Area assistant chief Joseph Cherono says the most common snakes are the black mamba and cobra. Up to 15 people get bitten every month, he says, adding that, so far, four people have died as a result.

"It is serious and we have talked to Kenya Wildlife Services officers but they have not responded," he says.

The administrator says residents have been advised to keep water outside their houses for the reptiles but that has not been possible because of scarcity.

"Water is scarce here. The little we get from the stream is not enough to share with the reptiles," he says.

James Kalilaya lost his son, eight, to snakebite while Tarkok Kutulno, 40, passed away while being rushed to Kabarnet Hospital after the deadly black mamba bit her.

Johana Karato says her daughter Marion Kimunchos, four, was bitten last month as she slept. He says the warm climate has made the region a breeding ground for deadly reptiles.

"They are everywhere. Snakes love warm and dry areas where conditions for survival and breeding are favourable," he says.

Black mambas are common in open woodlands, rocky outcrops and open savannas in Africa. They are known to strike fast.

Karato says at night the snakes bite only when the victim unconsciously shoves off the reptile. "It (shoving off) makes the snake react in self defence," he says.

Residents have resorted to using herbs to slow down the spread of poison in the body, especially if the incident occurs at night.

But Rael Chebii, who has been a victim, says even after proper medication, most victims have complications. She says the colour of the skin and the tongue changes from time to time.

"I was bitten last year December and up to now sometimes my tongue changes colour and my body swells," she says.

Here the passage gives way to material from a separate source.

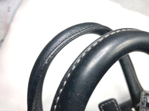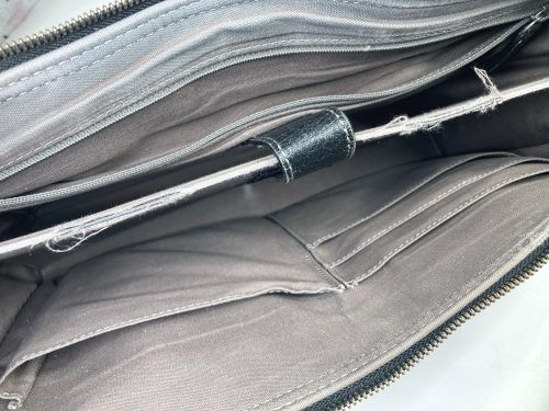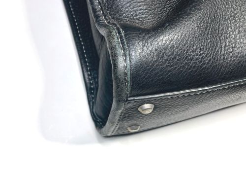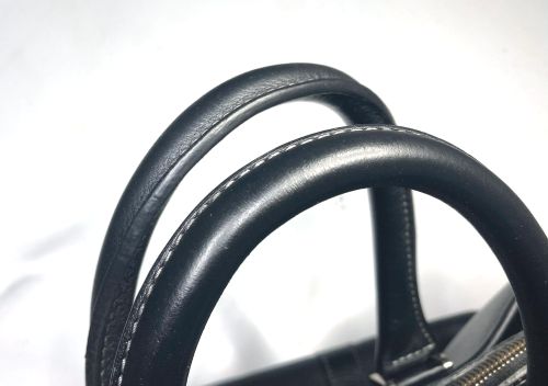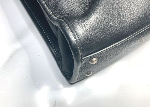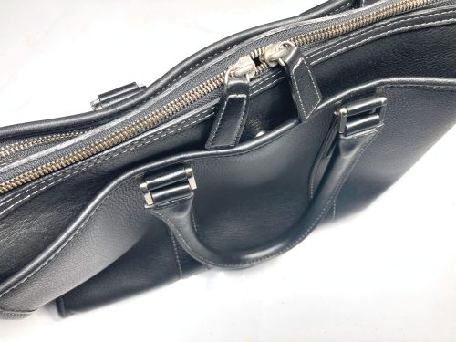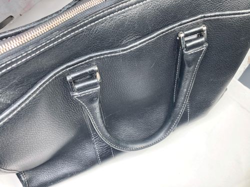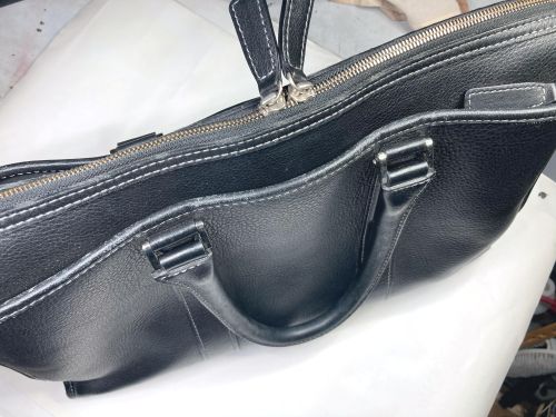 | ビジネスバック 擦り傷、持ち手コバ補修、仕切り補強 全体的な擦り傷は白のステッチに色が入らないように補色、仕切りは本革にて縁取り 縫い込みました。持ち手は写真で見るよりがさ付き感があり、塗膜を載せながら 研磨して仕上げました。コバは少しだけグラインダーで削ってから肉盛りして補色 コーティングしました。 |

And the cost of treatment is prohibitive. Karato spent Sh49,000 on her daughter’s treatment. She was operated on twice after a snake bit her thrice on the left hand and legs.

Mary Ng’etich spent Sh27,000 on treatment while Tarkok Kipteroi paid Sh29,000.

A KWS officer manning the Lake Bogoria Game Reserve says given the warm conditions, the snakes multiply fast. He says the venom of certain snakes can kill in between three and eight hours.

KWS pays Sh50,000 for injuries by wildlife while families of those who die as a result of wildlife-human conflict receive Sh200,000.